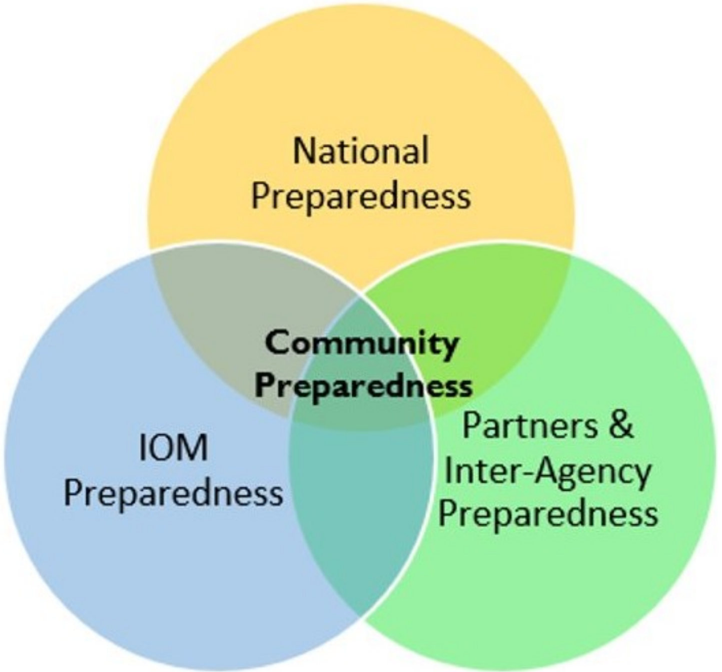
Figure 2 - Linkages between preparedness plans
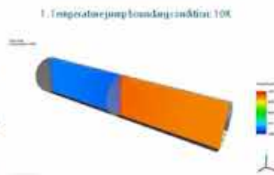
1. Temperature jump boundary condition: 10K
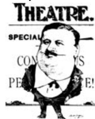
Caricature of Pastor
__________________________________________________
▶ [WHAT YOU ARE ASKED TO DO]
Please retype the material in full, exactly as it reads, apart from the images.

▶ [OUTPUT]
Figure 2 - Linkages between preparedness plans
1. Temperature jump boundary condition: 10K
Caricature of Pastor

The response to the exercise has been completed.